Having seen the first six "Boardwalk" episodes, I can say it lives up to the hype.
I'll have a review next week, but in the meantime, here's a large chunk (with some spoiler-specific stuff held until after various episodes air) of a long interview I did with Winter last month at press tour, where we talked about the many lessons he learned from David Chase, the parallels between 1920 and 2010, the dream of getting to make a period gangster epic with Martin Scorsese directing, and a lot more.
When I saw you back on the set last fall, one on the things you said was that other than Steve you really didn’t want to dip too much into "The Sopranos" pool of actors because you didn’t want the link.
But Max (Casella, who played Christopher's sidekick Benny Fazio) is there, Greg (Antonacci, who was New York underboss Butchie DeConcini in the final season) is there. I spotted a couple of other actors. What was your threshold for, "I will let this person from 'The Sopranos' be in this show"?
I didn’t have one that was clearly defined. It just has to feel right. I sort of peppered it with people who felt right for the role. Greg came in. That was a really tough role for us to cast for some reason.

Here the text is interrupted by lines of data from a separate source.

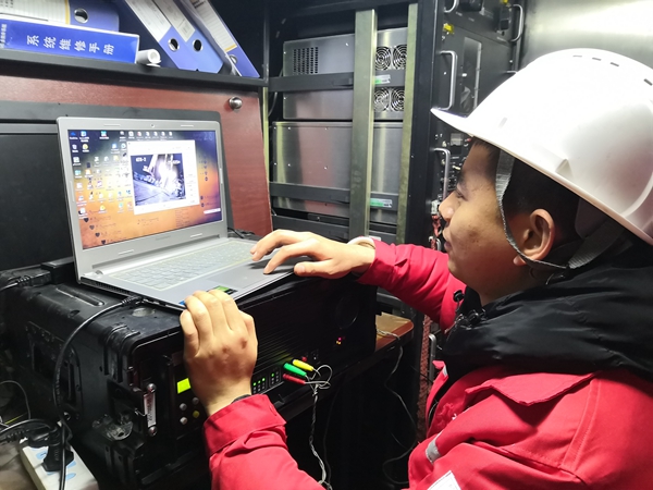 2019年5月,中海油33平台承钻的一口海上油井发生新井套漏,情况不明、责任不清,工程进度受阻。该平台是全球最大的座底式海上钻井平台,作业日费上百万元,钻一口井价值不菲,新井套破,事态严重。VideoLog团队严正娟、吕源使用了各种交通工具,以最短时间赶赴现场。 5月26日他们抵达平台,开始测井作业。该井管径较大,井液浑浊,井下缺少参照物,视线不良,给检测带来极大困难。通过清水循环洗井和7个多小时的耐心找寻,终于在井深1238m处找到套破裂缝,确认了事故原因,给后续处理措施提供了可靠依据。
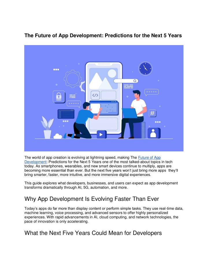 The Future of App Development: Predictions for the Next 5 Years The world of app creation is evolving at lightning speed, making The Future of App Development: Predictions for the Next 5 Years one of the most talked-about topics in tech today. As smartphones, wearables, and new smart devices continue to multiply, apps are becoming more essential than ever. But the next five years won’t just bring more appsthey’ll bring smarter, faster, more intuitive, and more immersive digital experiences. This guide explores what developers, businesses, and users can expect as app development transforms dramatically through AI, 5G, automation, and more. Why App Development Is Evolving Faster Than Ever Today’s apps do far more than display content or perform simple tasks. They use real-time data, machine learning, voice processing, and advanced sensors to offer highly personalized experiences. With rapid advancements in AI, cloud computing, and network technologies, the pace of innovation is only accelerating. What the Next Five Years Could Mean for Developers
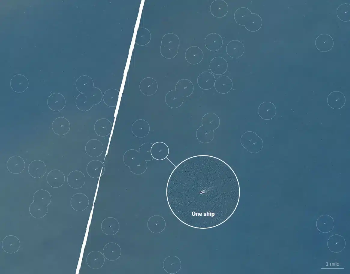 La investigación, publicada por The New York Times, explica cómo estas maniobras se habrían desarrollado prácticamente sin llamar la atención, pese a su tamaño. Y ahí está lo inquietante: no hablamos de unas decenas de embarcaciones, sino de formaciones capaces de coser el mar en una de las autopistas comerciales más transitadas del planeta.
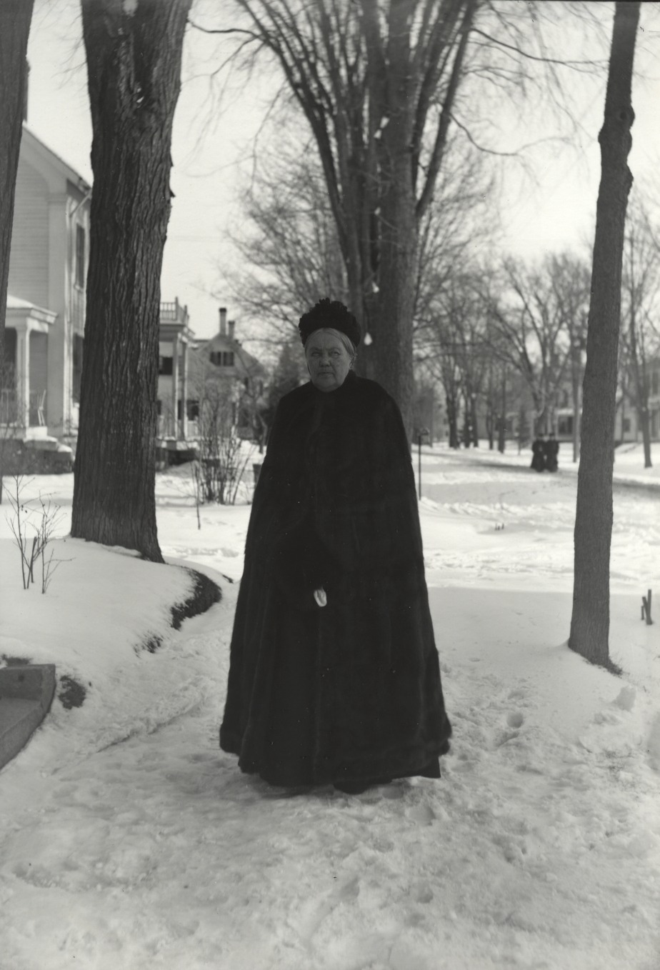 Mrs. Moses Thompson in front of her house, late 1800's.
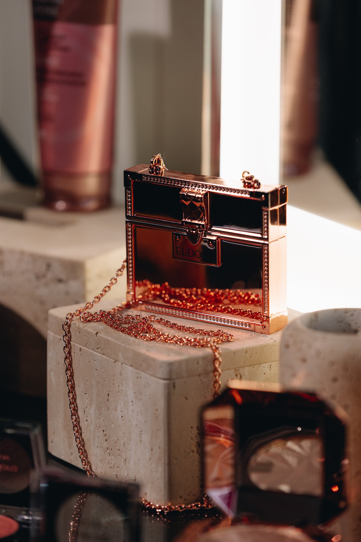 Entre seus aliados favoritos estão os produtos da linha Eudora Metals Rosé — especialmente a paleta clutch, prática e multifuncional, e o iluminador compacto, que entrega o glow perfeito para rosto, olhos e corpo.
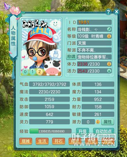 接下来就是九天揽月区第一盟主天策——【冷残影.や】109天策的装备属性宝宝展示了
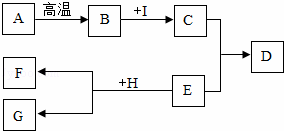 如圖所示,A﹣﹣I為初中化學(xué)中常見的物質(zhì).已知A為石灰石,D為藍(lán)色沉淀,C和E為只含一種物質(zhì)的溶液,I為生命之源.“→”表示物質(zhì)間存在著相互轉(zhuǎn)化的關(guān)系(部分生成物未標(biāo)出).回答下列問題:
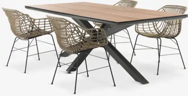 YPNASTED L215 Tisch + 4 ILDERHUSE Stuhl natur
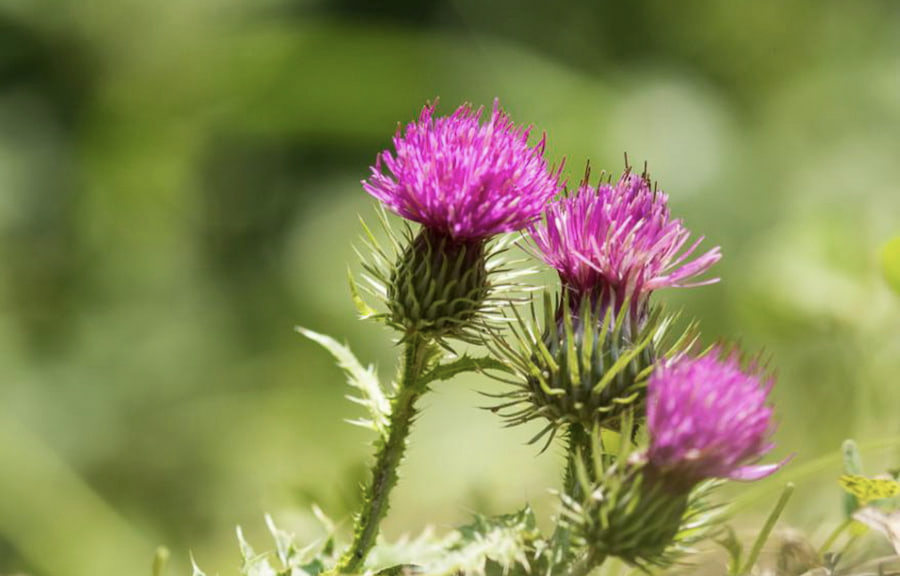 엉겅퀴는 전체가 털로 뒤덮여져 있는 여러해살이 풀이다. 국화과 다년생 식물로서 ‘가시나물’로도 불리고 있다. 예로 부터 피를 맑게 한다는 양혈, 지혈, 소염, 이뇨 효과가 있는 것으로 알려져 있다.
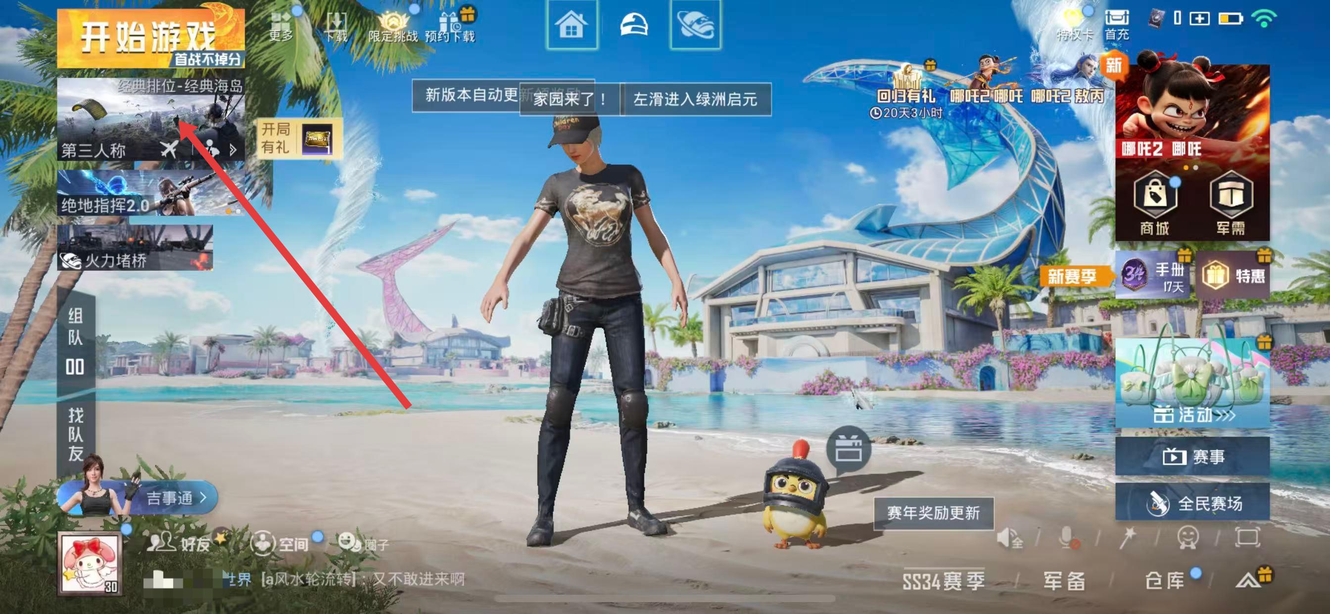 1、進入游戲主界面,點擊界面左上角的模式選擇按鈕。

We’ve gone through a lot of people for Johnny Torrio and finally I said, ""Early on in the process, I said I was trying to avoid people from 'The Sopranos,' but there a guy on 'The Sopranos' who I think we didn’t get to use a lot who I think might be perfect for this." And he came in and read and Marty said, "Yeah. That’s the guy."
But if Tony Sirico wanted to come in, you think that would be a bridge too far?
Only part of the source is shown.